Oh the glorious sounds of shiny, happy, synth-washed musical excess.

Sounding like the aural equivalent of a deep dive into a candy shop full of bright stripy candy canes, sugar0dusted jubes, and luminously colourful boiled lollies, Empire of the Sun’s Ice on the Dune summons the kind of joyful exuberance and lost-in-the-moment bliss I thought lost to childhood.

Far from being the icy confection that its title, and cover art suggests, it is a warm, vibrant collection of four-to-the-floor songs that, while tending to sound just a little too similar to each other at times, all bowing to varying to the same 80s god of retro-electro pop, nevertheless leads you into rapturously gooey warm and fuzzy giant-smiley-face territory.

And frankly that isn’t a bad thing, trust me.

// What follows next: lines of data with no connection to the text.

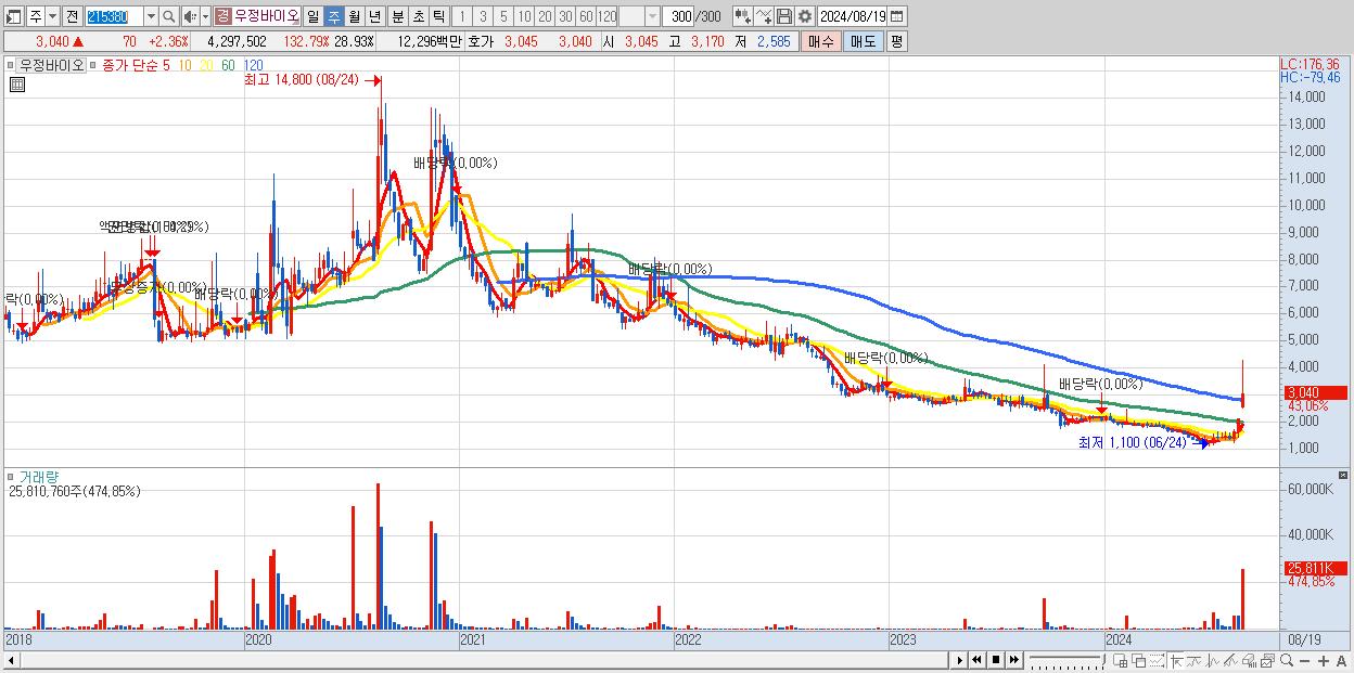 - 우정바이오 (3,040원 ▲ 43.06% , 시총: 452억, 거래량: 25,810,760, 거래대금:863억)
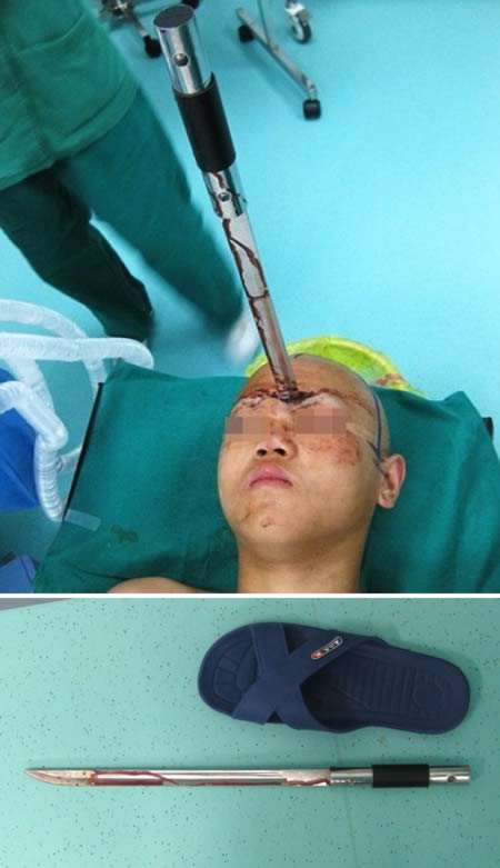 Zhang Bin ក្មេងប្រុសអាយុ១៥ឆ្នាំដែលបានជួបឧបទ្ទវហេតុត្រូវដាវដ៏មុតស្រួចចាក់ចូលចំ
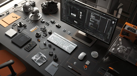 A top-down view of a 3D modeling workspace on a computer, with software open and various tools and layers visible, highlighting the design and editing process
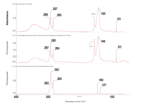 Два дополнительных пика — 1463 и 1377 см⁻¹ — частично перекрываются с широким пиком карбонатов в районе 1448 см⁻¹, однако они также характерны для углеводородных хвостов, как в маслах, так и в структуре ASA. Это значительное перекрытие объясняет, почему в спектре отложений на валу наличие углеводородного масла могло быть упущено при интерпретации.
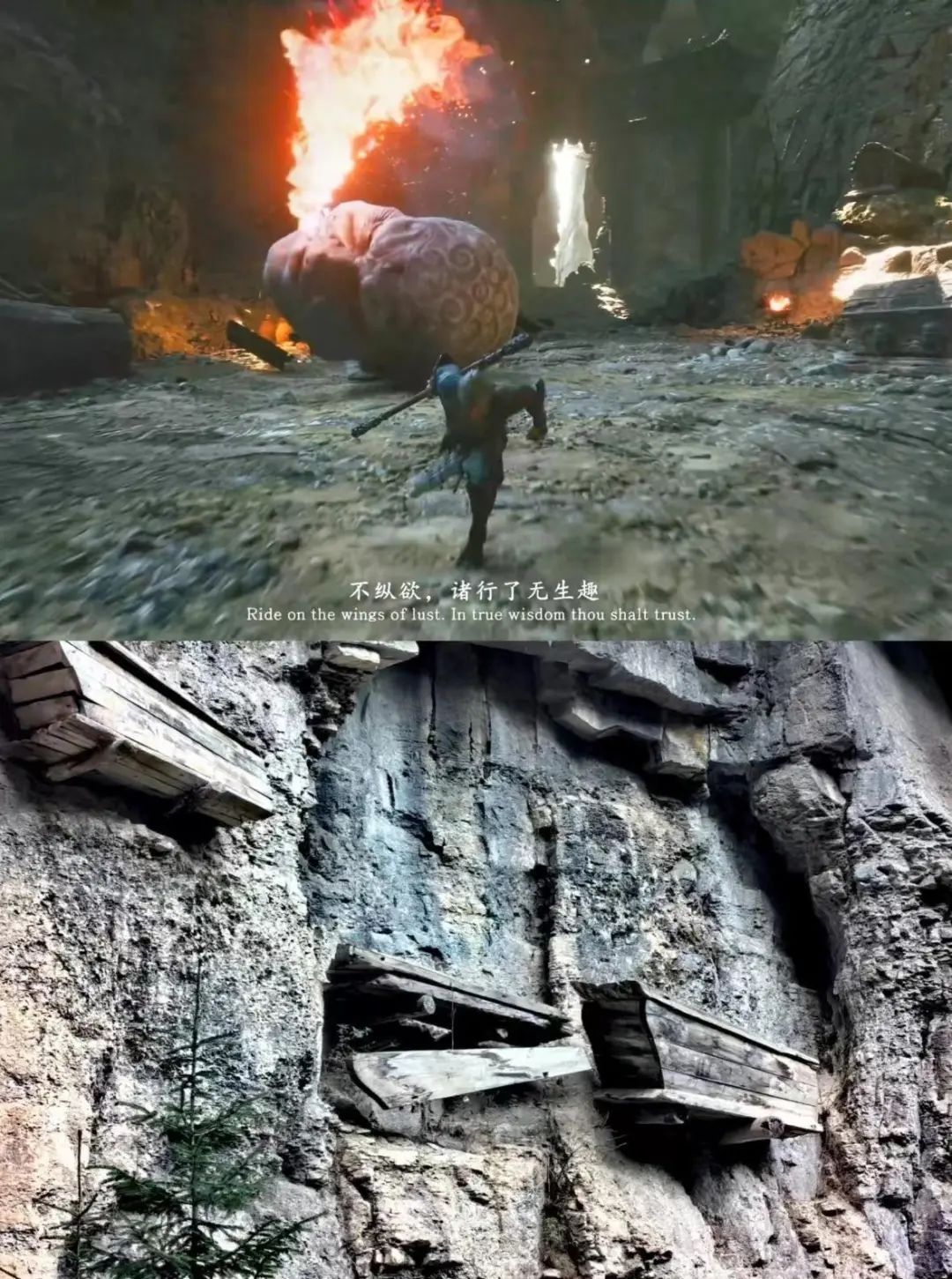 △上为游戏场景,下为宁武石门悬棺,图片源自山西文化和旅游厅。
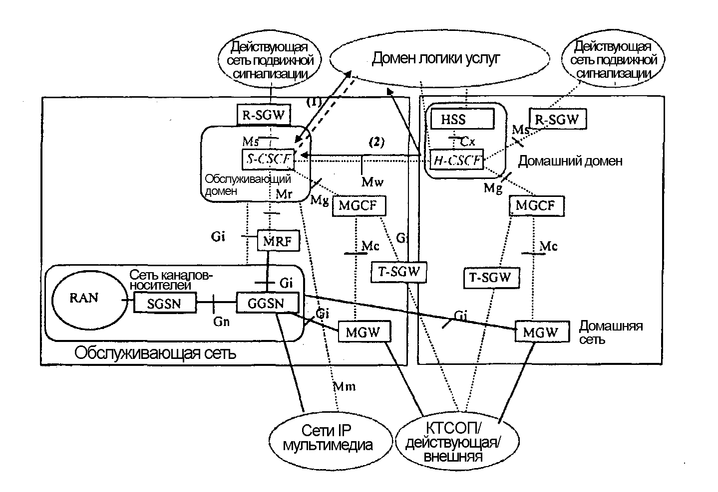 13. Подсистема по п.12, в которой блок, выполняющий функцию управления состоянием вызова посредника, сети абонента пересылает соответствующие сообщения подписки в блок, выполняющий функцию управления состоянием вызова обслуживания, сети абонента.

Granted it may not be quite as ground breaking as 2008’s Walking on a Dream but Luke Steele (The Sleepy Jackson, he of the dramatic white eyes and towering flowery silver face mask, and Mike Littlemore (Pnau) but what it may lack in outright exciting originality, it makes up for in songs that soar, and swoop, rich with exultant melodies and airy, falsetto vocals that sound as otherworldly as the mythos underpinning their latest effort.

 

(image via stereogum.com)

 

Yes, this ethereal bunch of feel happy tunes – it is near impossible to listen to the anthemic shout-out-loud lead single “Alive” or the jump-up-and-down bounce of “Celebrate” or the haunting Belinda Carlisle-esque “I’ll Be Around” with its whispered, rich harmonies, and not grin like a divinely-attired madman – comes with it’s own slightly loopy but charming reason for being and it’s as grandiose as the songs themselves.

According to Luke Steele, who has yet to meet an eccentric artistic statement he didn’t like (a blessing in a modern pop landscape where we need the unusual and left-of-centre more than ever), Ice on the Dune is all “about how the Emperor’s head-dress is stolen by The King Of Shadows, bringing chaos to the world”.

It doesn’t matter if that nonsensical very short story is little more than a broadly themed excuse for outrageous costumes, shimmery bright pop and a flamboyant onstage presence; Ice on the Dunes is an album that proudly wears its candy-coated shiny, over the top pop stylings proudly, and having its very own fantastical theme is merely the bright red glacé cheery on an enormously sweet, gloriously camp pop cake.

I plan on having as large a slice as possible, as often as I can, ridiculously happy grin very much in place, thanking the candy gods that Empire of the Sun isn’t afraid to go all out in pursuit of quirky, uplifting pop perfection.